Но в действительности все зависит от обстоятельств, от условий места и времени, и потому Гегель признал, что прежние общие фразы, которыми судили о добре и зле, не рассматривая обстоятельств и причин, по которым возникало данное явление, – что эти общие отвлеченные изречения неудовлетворительны: каждый предмет, каждое явление имеет свое собственное значение, и судить о нем должно по соображению той обстановки, среди которой оно существует; это правило выражалось формулою: "отвлеченной истины нет; истина конкретна" (Плеханов Г.В. Избранные философские произведения. – Т.1. – С. 569, 574-575).
+ + +
Представляя «поразительно стройную историческую философию Маркса», упомянутый выше Г.В. Плеханов пишет:
«Наши человекоподобные предки, как и все другие животные, находились в полном подчинении природе. Всё их развитие было тем совершенно бессознательным развитием, которое обусловливалось приспособлением к окружающей их среде… Это было темное царство физической необходимости. Тогда не загоралась даже заря сознания, а следовательно, и свободы. Но физическая необходимость привела человека на такую ступень развития, на которой он стал мало-помалу выделяться из остального животного мира. Он стал животным, делающим орудия. Орудие есть орган, с помощью которого человек воздействует на природу для достижения своих целей. Это орган, подчиняющий необходимость человеческому сознанию, хотя на первых порах лишь в очень слабой степени…

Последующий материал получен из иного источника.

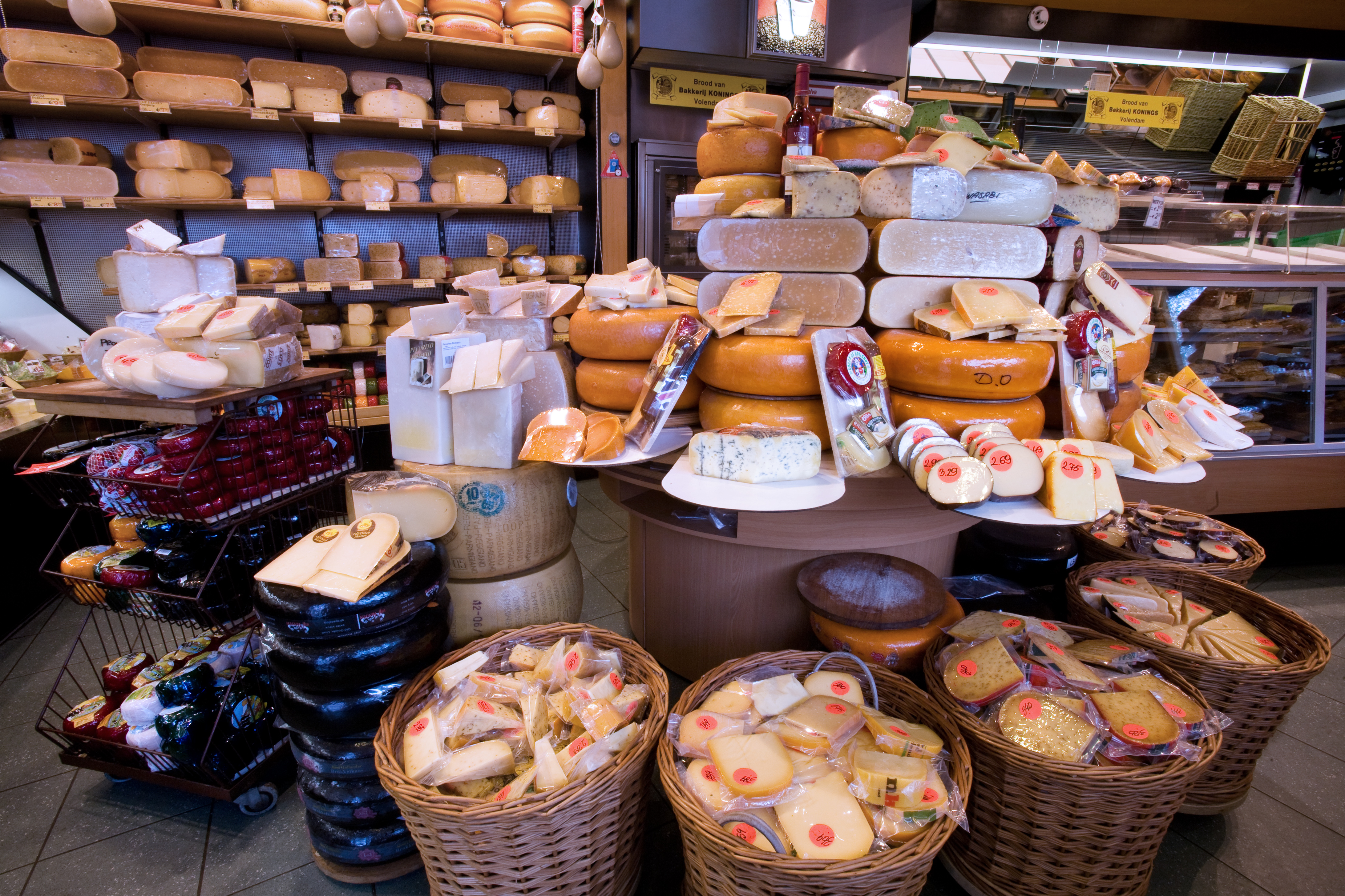 Cheese store. Amsterdam, The Netherlands

Степень развития производительных сил определяет меру власти человека над природой. Развитие производительных сил само определяется свойствами окружающей людей географической среды. Таким образом, сама природа дает человеку средства для ее же подчинения.
Но человек не в одиночку ведет борьбу с природой: с ней борется, по выражению Маркса, общественный человек, т.е. более или менее значительный по своим размерам общественный союз. Свойства общественного человека определяются в каждое данное время степенью развития производительных сил, потому что от степени развития этих сил зависит весь строй общественного союза. Таким образом, это строение определяется в последнем счете свойствами географической среды, дающей людям бóльшую или меньшую возможность развития их производительных сил.

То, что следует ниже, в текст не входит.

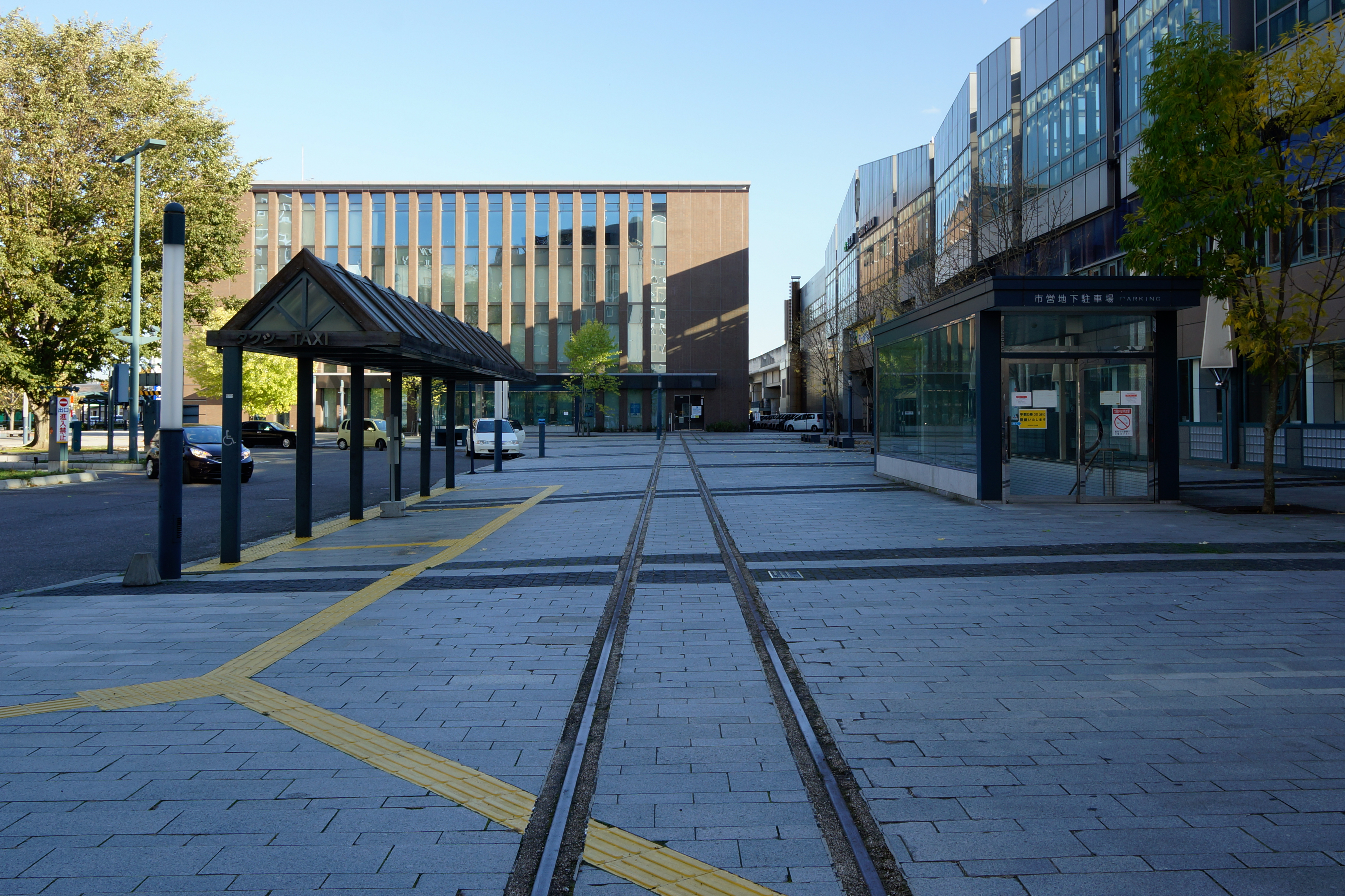 Obihiro Station in Obihiro, Hokkaido prefecture, Japan.

Но раз возникли известные общественные отношения, дальнейшее их развитие совершается по своим собственным внутренним законам, действие которых ускоряет или замедляет развитие производительных сил, обусловливающее историческое движение человечества. Зависимость человека от географической среды из непосредственной превращается в посредственную. Географическая среда влияет на человека через общественную. Но благодаря этому отношение человека к окружающей его географической среде становится до крайности изменчивым. На каждой новой ступени развития производительных сил оно оказывается не тем, чем было прежде. Географическая среда совсем иначе влияла на британцев времен Цезаря, чем влияет она на нынешних обитателей Англии.
Так разрешает современный диалектический материализм противоречия, с которыми никак не могли справиться просветители ХVІІІ века».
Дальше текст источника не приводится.